Because the Planning on Cube-like model template marks all characteristic fields as key, it does not overwrite any records based on a semantic key like the Corporate Memory ADSOs. Records with the value 1084424 are duplicate records (see Figure 25), because I changed the offense category characteristic. The records that have identical characteristics to the records in the previous load have their key figures summed (all the records that do not have an “N” in the “R” field). This is to be expected, because Summation is the only rule type available for key figure transformation rules going to Planning on Cube-like ADSOs (see Figure 26).
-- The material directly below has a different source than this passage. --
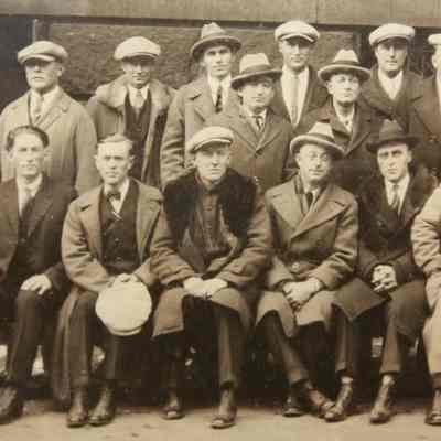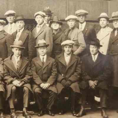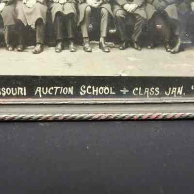 FR. PHOTO 1926 MISSOURI AUCTION SCHOOL CLASS. 6X15" SHOWING 40 MEN ALL BUT ONE WITH HATS, ALL WITH TIES, JACKETS AND COATS.Created By

The system unions both the Inbound Table and Active Table together for reporting (ee Figure 27) and extraction (see Figure 28), just like it does with a Data Mart ADSO:
You will be able to write data to this ADSO using planning applications in the future, thereby making it suitable for planning. Planning applications aren’t available now, but are scheduled to be available by the end of 2017 according to SAP.
2. Planning on Direct Update
You can load records directly into the Active table of these kinds of ADSOs. It has no Change Log or Inbound Table. You can fill the Active table with an API. You can also load data to this type of ADSO using a DTP. This is a slight change from the classic Direct Update DSOs in BW on HANA, which could you could only load via an API.
There is no activation option as we can see in Figure 29, because this type of ADSO only has an Active Table. Data is automatically loaded to this Active Table in Figure 30 when executing a DTP:
As we can see in Figure 31 these kinds of ADSOs only have an Overwrite option There is no summation of key figures like there is in the Planning on Cube-like ADSO. To test how this ADSO behaves I loaded a second dataset to this ADSO with new and changed records:
In Figure 32 we can see that the Planning on Direct Update ADSO does not store any duplicate records. If it comes across a duplicate value in the semantic key, such as Record 1088450 in the image above, it simply stores the lastly loaded record. BW/4HANA stores the lastly loaded record regardless of whether the characteristics or the key figures are changed.
These types of ADSOs can be used to write data to 3rd party tools.
This sub-category does not require any detailed explanation, because they are exactly the same as some of the EDW – Architecture Layer ADSOs. However, it is possible to create an ADSO with the following templates:
1. Standard DataStore Object
This model template is the same as the Data Warehouse Layer – Delta Calculation template.
2. Write-optimized DataStore Object
This template is the same as the Data Acquisition Layer (including Corporate Memory) template.
Finally, this model template is the same as the Data Warehouse Layer – Data Mart template.
For those that want a quick overview, I’ve made a table showing which modeling properties each template has:
To summarize, there’s no need to reinvent the wheel when it comes to modeling in BW/4HANA. I’ve discussed all the different model templates you can use to save time and to simplify the modeling process. We also saw that a lot of the EDW Architecture and Classic Object model templates are the same. Armed with this knowledge you at least won’t have to spend half an hour looking at the screen wondering whether there is any difference between a Standard DSO and a DWL (delta calculation) model template: there is none. Now we know how to use model templates for ADSO. In my next tutorial we’ll look at what other BW/4HANA object types can offer us, namely the Open ODS View and the HANA CompositeProvider.